Map population to reference genome
First follow the instructions here:
Step by step guide on how to use my pipelines
Click here for an introduction to Snakemake
Create conda environmet:
conda env create --name <name-of-pipeline> --file population-variant-calling.yml
This environment contains snakemake and the other packages that are needed to run the pipeline.
Activate environmet:
conda activate <name-of-pipeline>
Create HPC config file:
Necessary for snakemake to prepare and send jobs.
mkdir -p ~/.config/snakemake/<name-of-pipeline>
nano ~/.config/snakemake/<name-of-pipeline>/config.yaml
Include the following and save the file (ctr+x)
jobs: 10
cluster: "sbatch -t 2-0:0:0 --mem=16000 -c8 --job-name={rule} --output=logs_slurm/{rule}_%j.out --error=logs_slurm/{rule}_%j.err"
use-conda: true
ABOUT
This is a pipeline to map short reads from several individuals to a reference assembly.
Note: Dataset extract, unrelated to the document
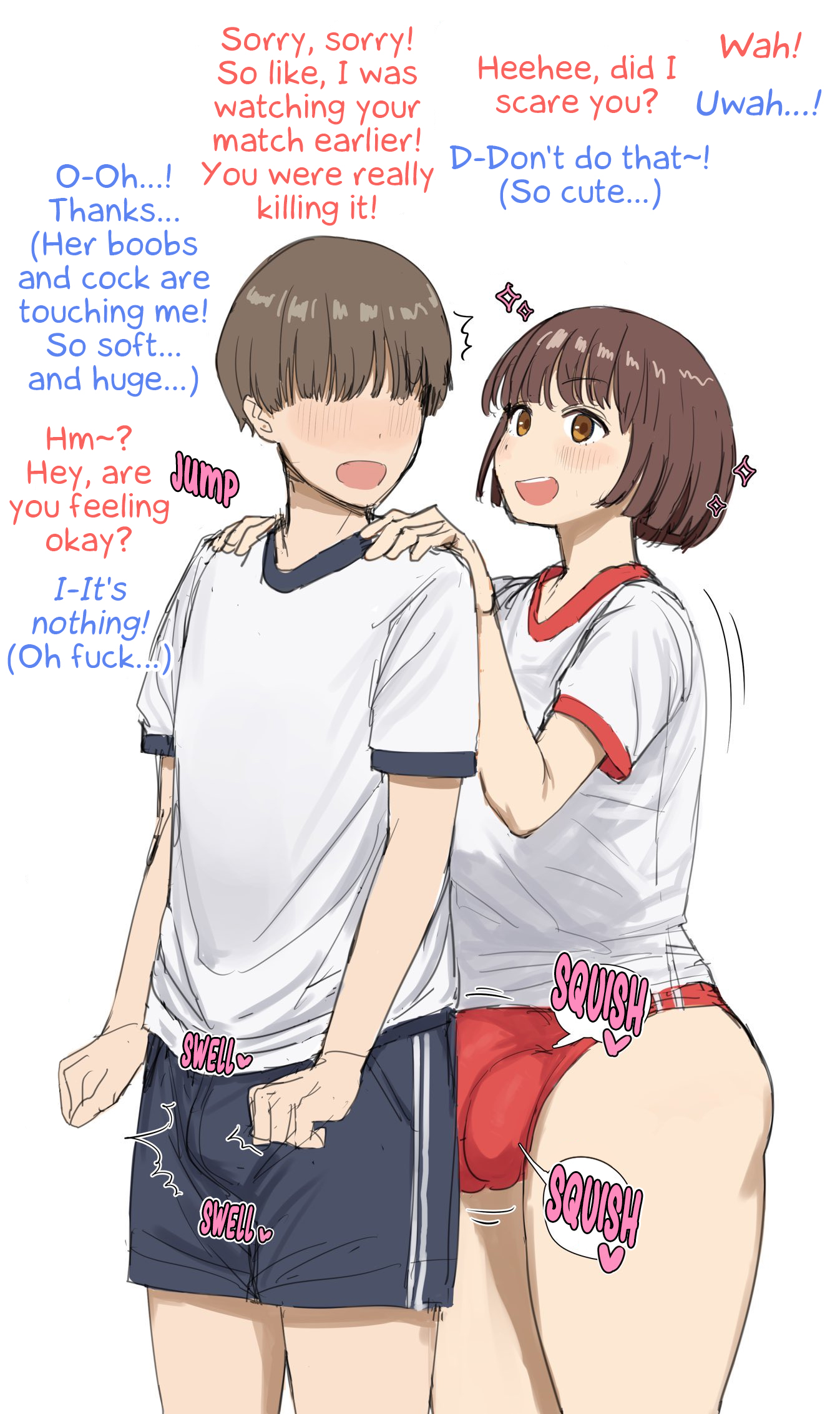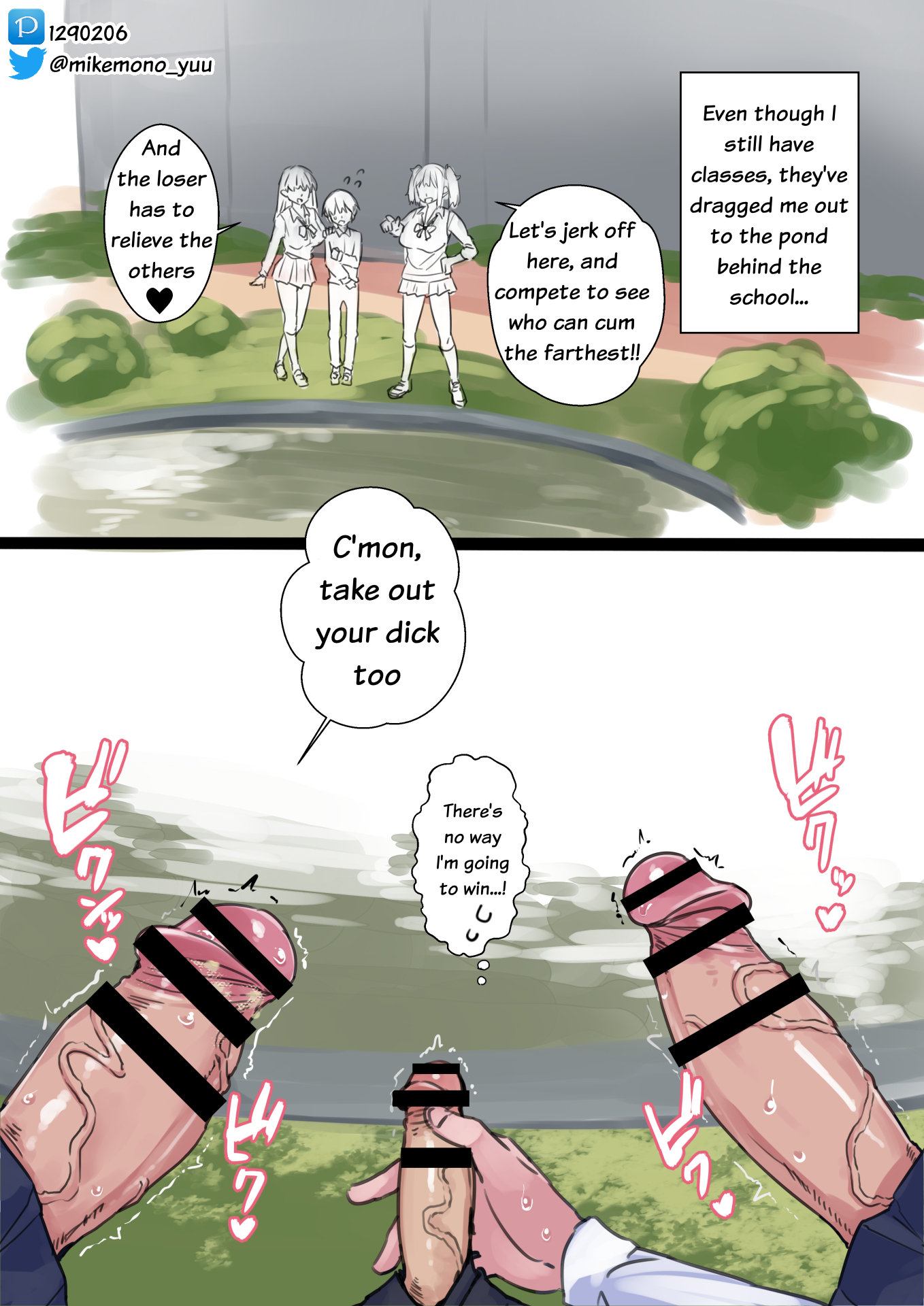 >How about that? A futanari who grew a cock on the same day as you... Who should be on the same level as you... having proper mating sex with a curvy woman who would never even touch your 'dick' with her bare hands

It outputs the mapped reads and a qualimap report.
Tools used:
- Bwa-mem2 - mapping
- Samtools - processing
- Samblaster - marking duplicates
- Qualimap - mapping summary
![]() |
---|
Pipeline workflow |
Edit config.yaml with the paths to your files
ASSEMBLY: /path/to/assembly
OUTDIR: /path/to/outdir
PATHS_WITH_FILES:
path1: /path/to/dir
- ASSEMBLY - path to the assembly file
- OUTDIR - directory where snakemake will run and where the results will be written to.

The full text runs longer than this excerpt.